==== PROVIDED MATERIAL
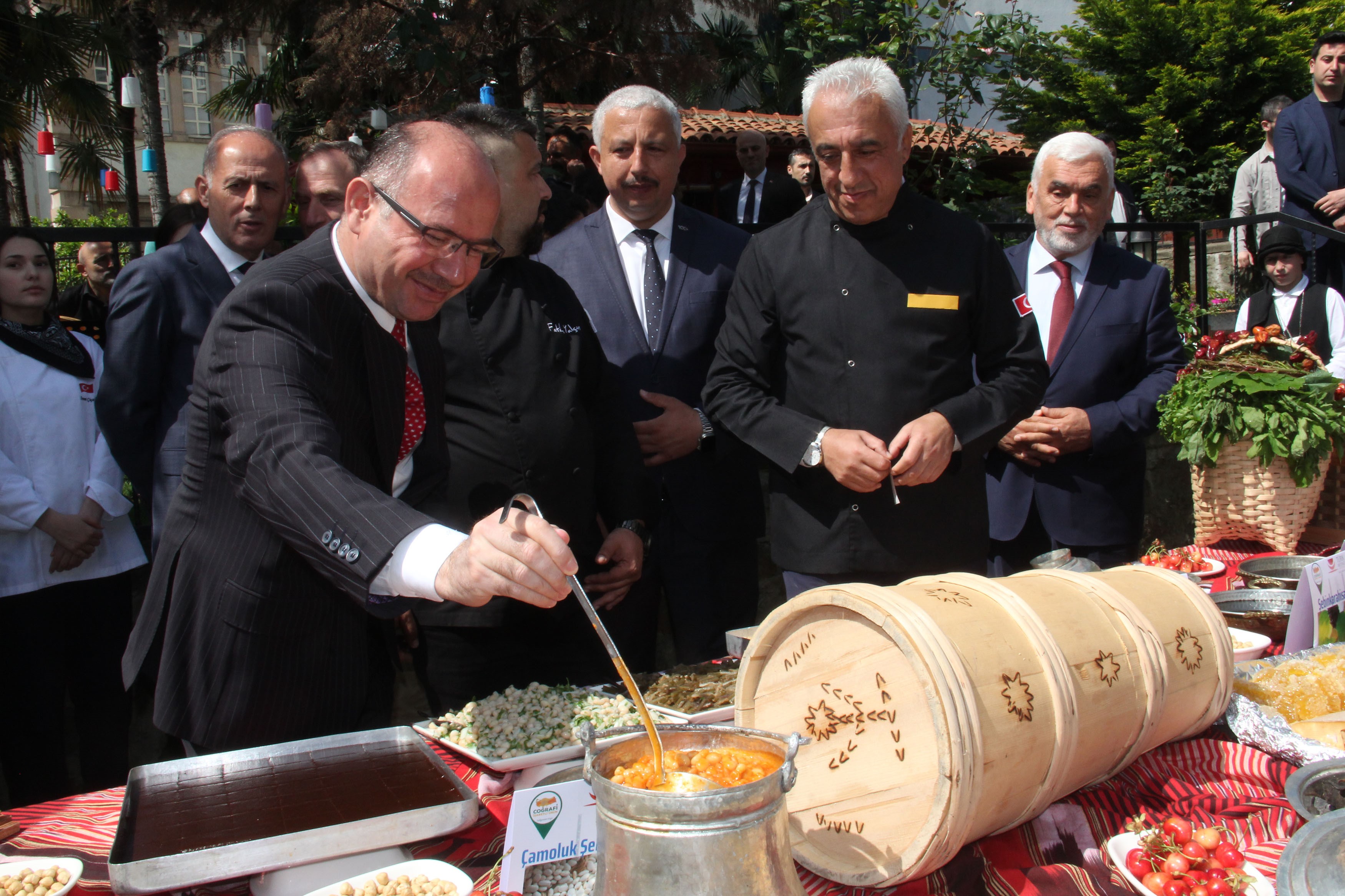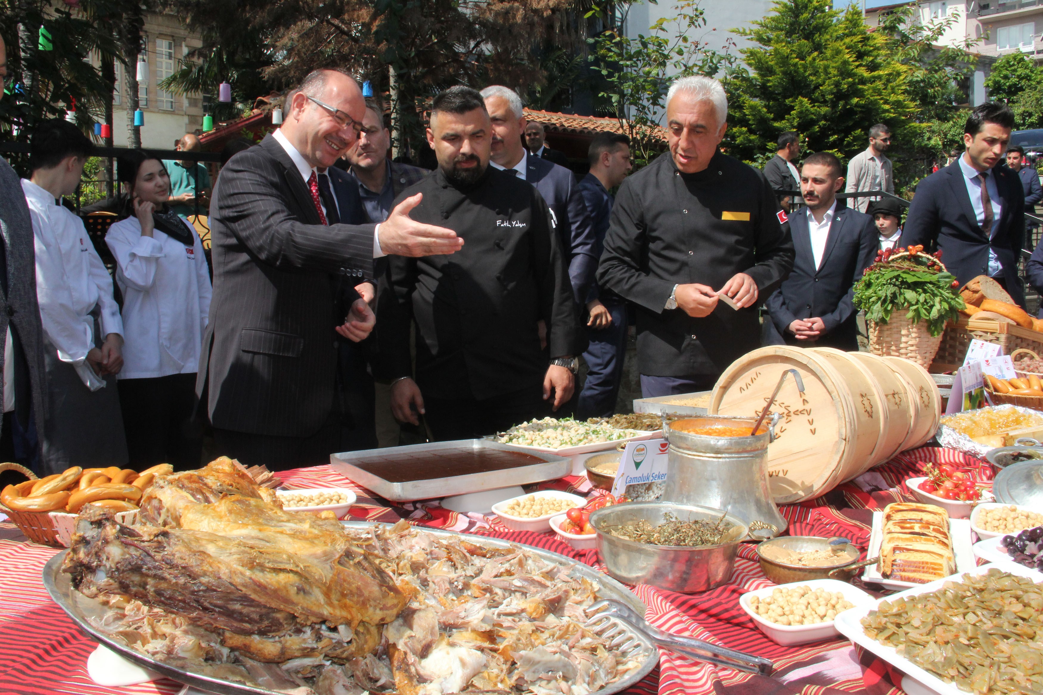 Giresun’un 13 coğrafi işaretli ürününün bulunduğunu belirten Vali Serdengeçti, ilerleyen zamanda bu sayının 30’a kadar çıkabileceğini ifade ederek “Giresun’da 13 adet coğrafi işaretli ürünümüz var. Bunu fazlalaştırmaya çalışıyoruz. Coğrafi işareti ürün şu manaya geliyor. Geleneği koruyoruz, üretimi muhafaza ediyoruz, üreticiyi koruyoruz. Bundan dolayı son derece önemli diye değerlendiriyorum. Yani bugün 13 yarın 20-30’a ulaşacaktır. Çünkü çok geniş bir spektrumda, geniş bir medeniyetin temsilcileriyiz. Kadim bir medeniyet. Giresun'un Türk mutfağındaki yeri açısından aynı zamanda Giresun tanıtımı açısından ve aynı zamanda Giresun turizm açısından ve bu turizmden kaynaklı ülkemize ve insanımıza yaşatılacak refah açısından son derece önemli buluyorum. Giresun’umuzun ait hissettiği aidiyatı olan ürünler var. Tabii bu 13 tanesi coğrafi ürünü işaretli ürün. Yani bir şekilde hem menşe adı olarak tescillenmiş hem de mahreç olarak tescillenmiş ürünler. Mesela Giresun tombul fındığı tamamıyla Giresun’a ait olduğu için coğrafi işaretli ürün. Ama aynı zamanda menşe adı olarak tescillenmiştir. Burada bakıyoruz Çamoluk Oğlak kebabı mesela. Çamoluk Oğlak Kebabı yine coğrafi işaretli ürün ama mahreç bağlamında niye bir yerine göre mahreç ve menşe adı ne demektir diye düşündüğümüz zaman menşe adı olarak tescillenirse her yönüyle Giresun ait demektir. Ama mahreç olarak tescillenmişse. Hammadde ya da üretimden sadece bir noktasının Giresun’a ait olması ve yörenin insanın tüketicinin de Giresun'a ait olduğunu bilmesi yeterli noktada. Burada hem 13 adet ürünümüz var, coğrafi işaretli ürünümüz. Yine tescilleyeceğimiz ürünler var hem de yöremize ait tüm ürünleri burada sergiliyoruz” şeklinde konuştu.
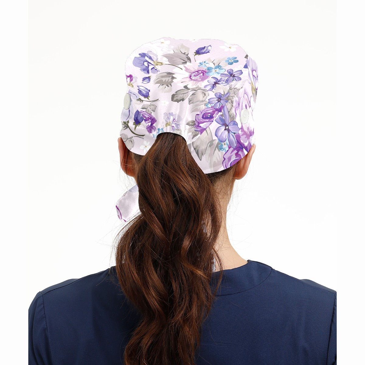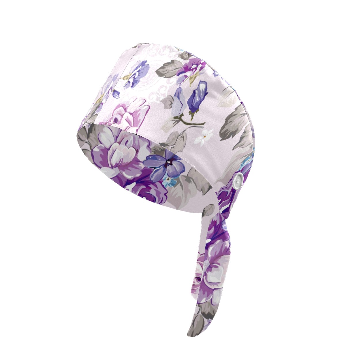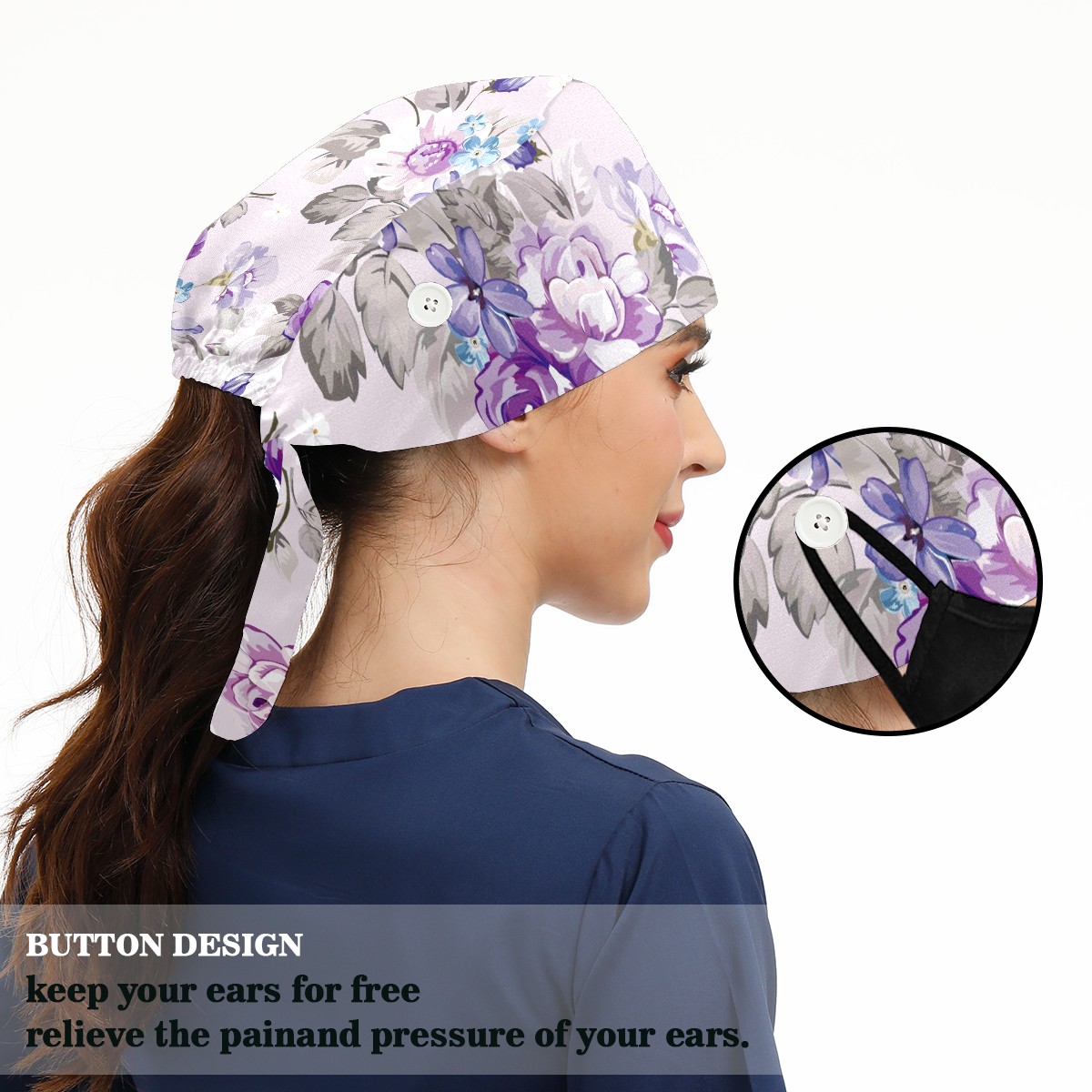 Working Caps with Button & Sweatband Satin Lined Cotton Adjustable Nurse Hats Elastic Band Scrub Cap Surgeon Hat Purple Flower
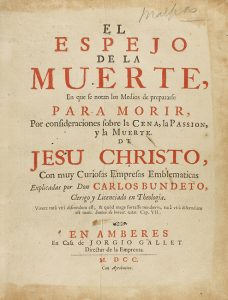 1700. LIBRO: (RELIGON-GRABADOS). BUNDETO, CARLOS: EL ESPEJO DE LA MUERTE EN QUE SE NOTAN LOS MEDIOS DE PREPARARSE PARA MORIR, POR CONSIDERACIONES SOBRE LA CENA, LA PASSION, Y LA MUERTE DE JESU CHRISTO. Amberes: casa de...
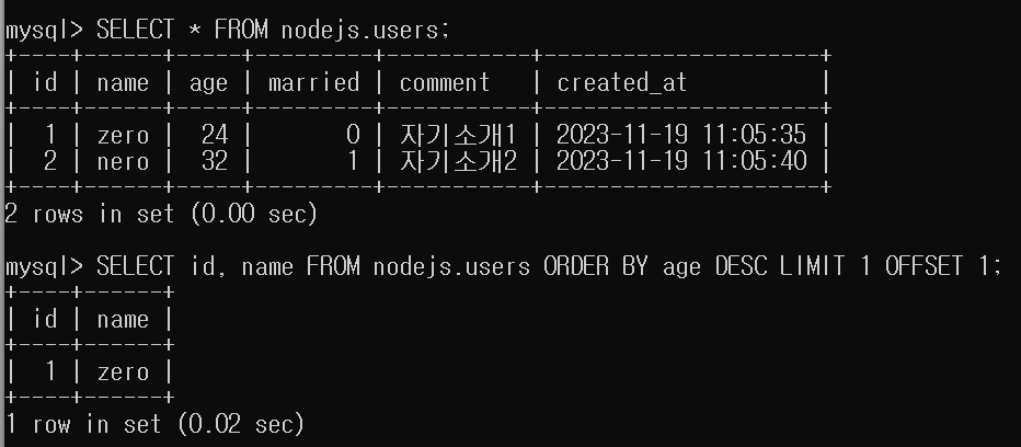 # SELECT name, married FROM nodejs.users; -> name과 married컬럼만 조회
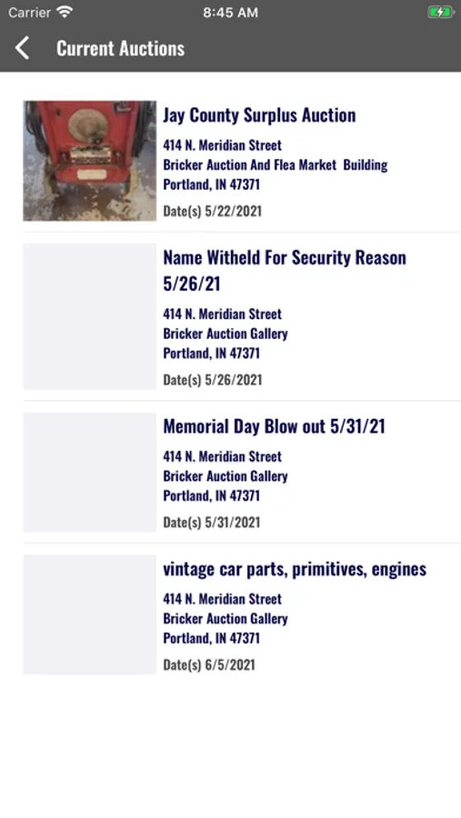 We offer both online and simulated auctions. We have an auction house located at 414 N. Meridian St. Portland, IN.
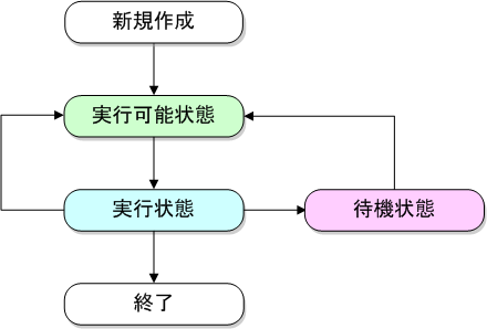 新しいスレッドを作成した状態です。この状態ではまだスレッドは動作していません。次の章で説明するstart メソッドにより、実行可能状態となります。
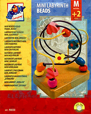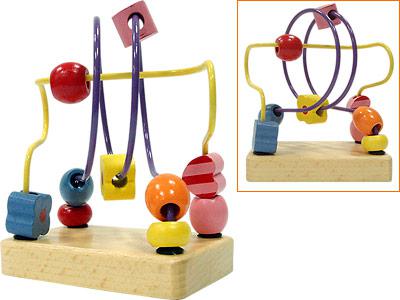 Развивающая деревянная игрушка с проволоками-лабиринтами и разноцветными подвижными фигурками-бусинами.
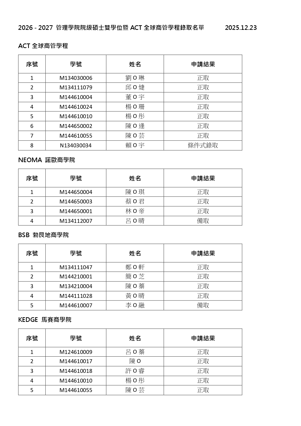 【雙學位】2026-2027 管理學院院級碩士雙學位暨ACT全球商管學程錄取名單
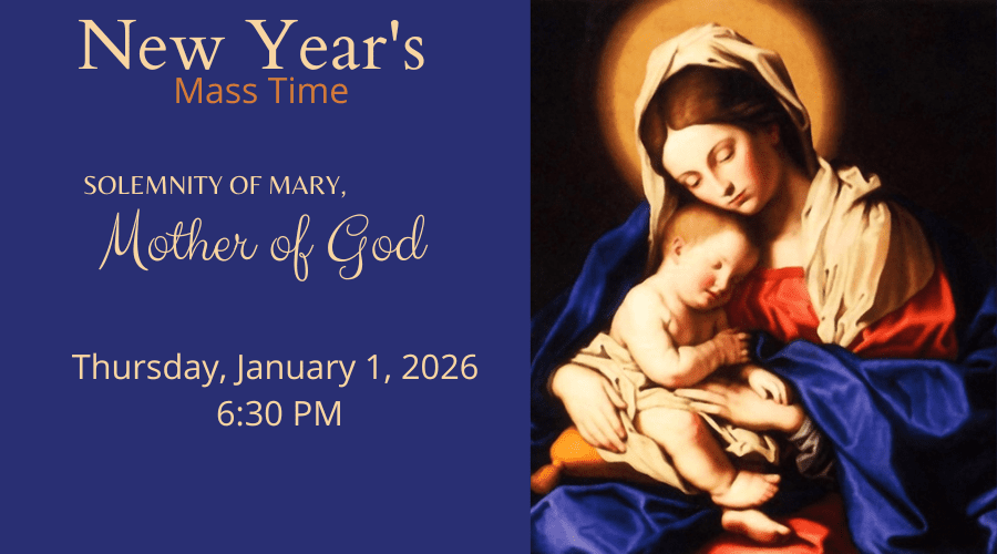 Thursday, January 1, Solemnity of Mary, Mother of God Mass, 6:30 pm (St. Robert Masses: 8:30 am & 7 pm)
========
EXERCISE BRIEF »
Using the listing above, reproduce word for word every line from the one containing "We offer both" through the one containing "新しいスレッドを作成した状態". Pictures must be left out.

SOLUTION TO THE EXERCISE »
 We offer both online and simulated auctions. We have an auction house located at 414 N. Meridian St. Portland, IN.
 新しいスレッドを作成した状態です。この状態ではまだスレッドは動作していません。次の章で説明するstart メソッドにより、実行可能状態となります。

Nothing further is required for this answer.